Enfin, sur le plan politique, le blocage a ralenti de six semaines les discussions au Congrès sur la future législation encadrant le secteur crypto. Le Sénat et la Chambre travaillent chacun sur leur propre version du texte, cherchant à clarifier la répartition des compétences entre la SEC et la CFTC et à définir la notion d’« actifs auxiliaires » pour distinguer les cryptos considérées comme titres financiers. Les comités sénatoriaux des banques et de l’agriculture devront harmoniser leurs projets afin de présenter un texte commun au président Trump. Cependant, les échéances électorales à venir risquent de compliquer ce processus, alors même que la nomination du futur président de la CFTC, Mike Selig, doit encore être confirmée.

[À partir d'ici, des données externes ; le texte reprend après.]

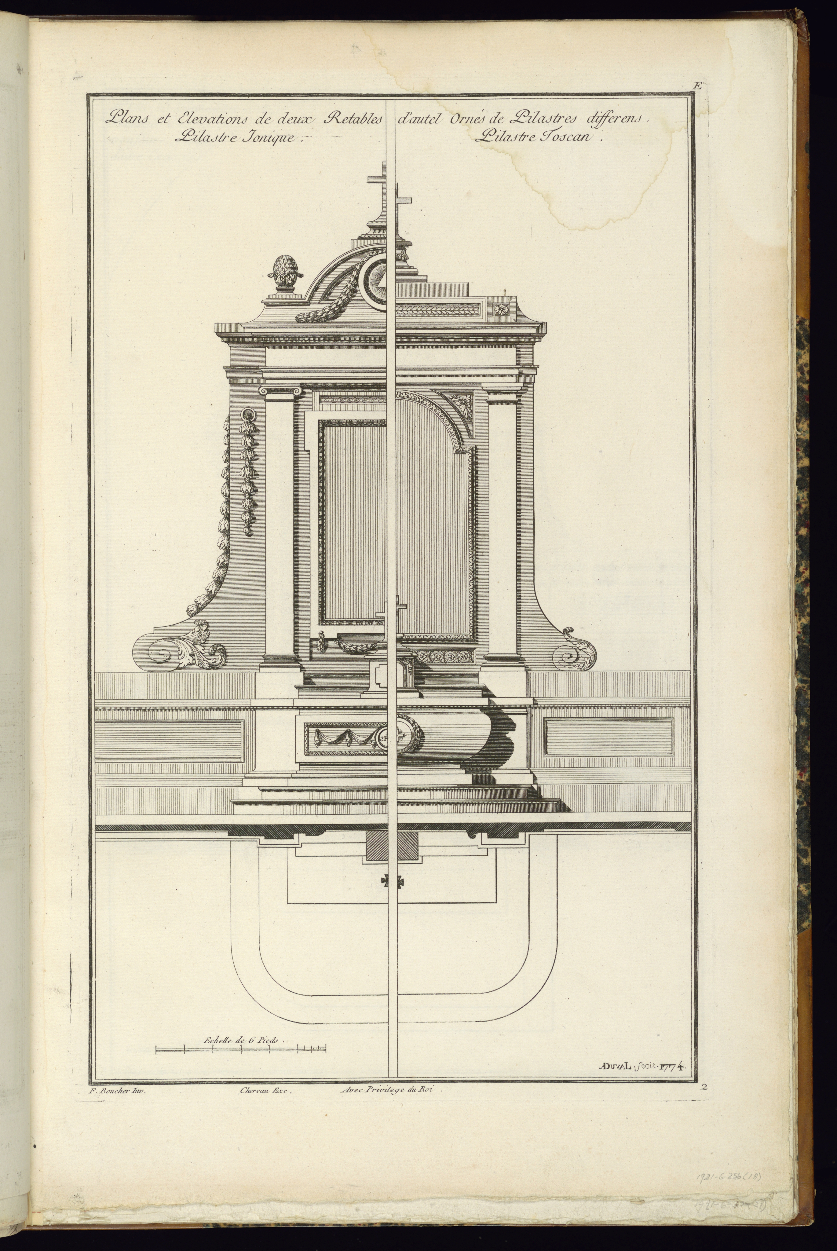 Printed upper center, in plate: Plans et Elevations de deux Retables d'autel Ornés de Pilastres differens / Pilastre Ionique. Pilastre Toscan .; Printed upper right, in plate: E; Printed lower center, in plate: Chereau Exc. Avec Privilege du Roy; Printed lower right, in plate: 2; Inscribed in graphite, lower right, in margin: 1921-6-256 (18)

Le marché du Bitcoin a d’ailleurs connu un rebond marqué après l’annonce d’un accord au Sénat américain visant à mettre fin à la paralysie du gouvernement, une issue perçue comme un soulagement majeur sur le plan macroéconomique. En l’espace de 24 heures, le Bitcoin a progressé de plus de 4 %, atteignant un sommet intrajournalier de 106 491 $, tandis que la capitalisation totale du marché crypto grimpait de 4,7 % pour s’établir à 3,68 billions $. Selon plusieurs analystes, la fin du blocage budgétaire américain pourrait restaurer l’appétit pour le risque et améliorer la liquidité globale, des éléments essentiels pour soutenir la tendance haussière actuelle des cryptomonnaies.

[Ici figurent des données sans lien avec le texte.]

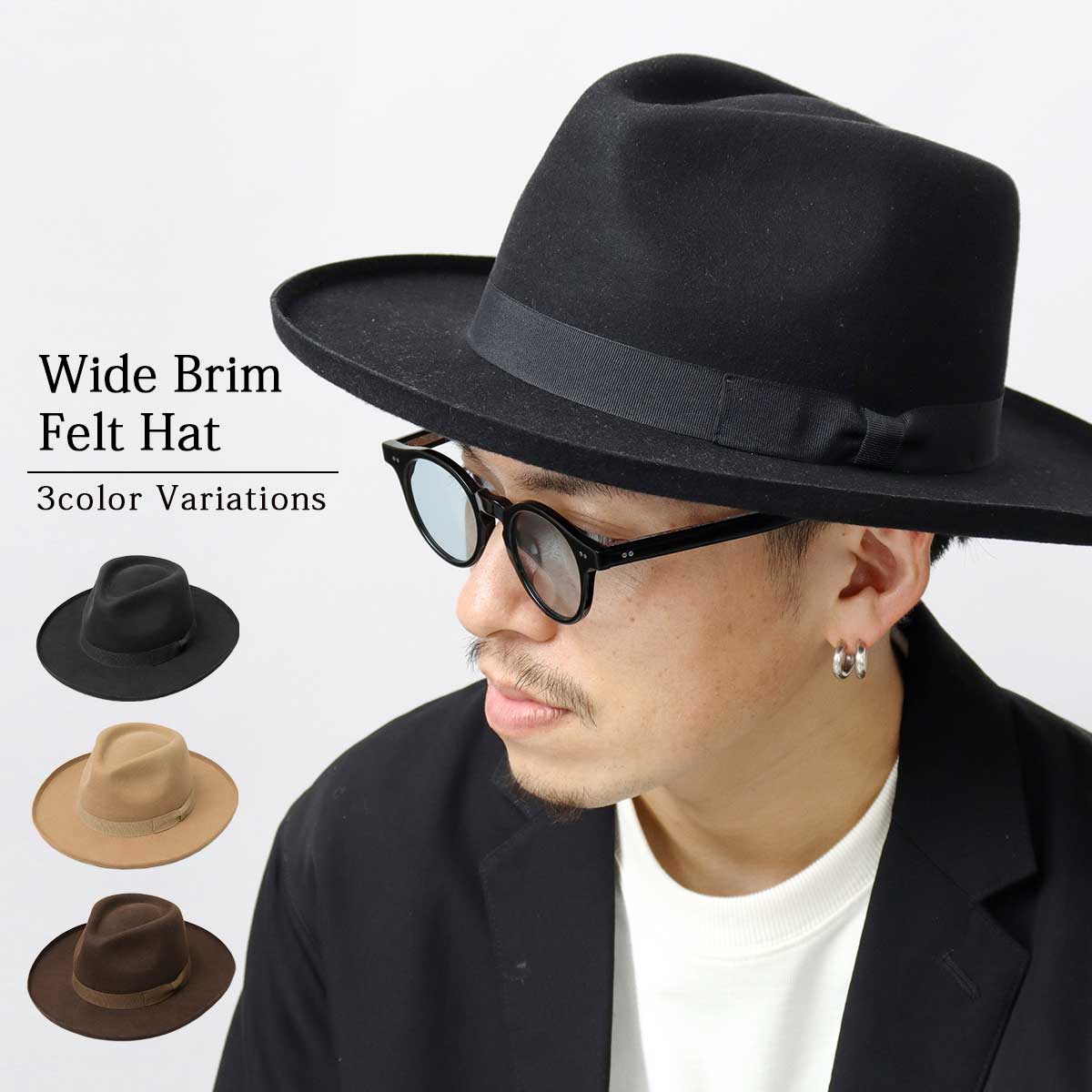 ◆ワイドブリムがアクセントの中折れフェルトハット◆

Les spécialistes estiment qu’une réouverture du gouvernement renforcerait la confiance institutionnelle et stabiliserait les flux du Trésor américain, créant ainsi un environnement plus favorable aux actifs numériques. Ryan Lee, analyste en chef chez Bitget, a souligné que la levée des incertitudes liées aux dépenses publiques favoriserait la reprise du marché, tandis que Shivam Thakral, PDG de BuyUcoin, a insisté sur l’impact psychologique positif d’une telle résolution pour les investisseurs. Cette amélioration du sentiment se reflète déjà dans les marchés de prévision, où la probabilité d’une fin du shutdown avant le 15 novembre est passée à 91 %.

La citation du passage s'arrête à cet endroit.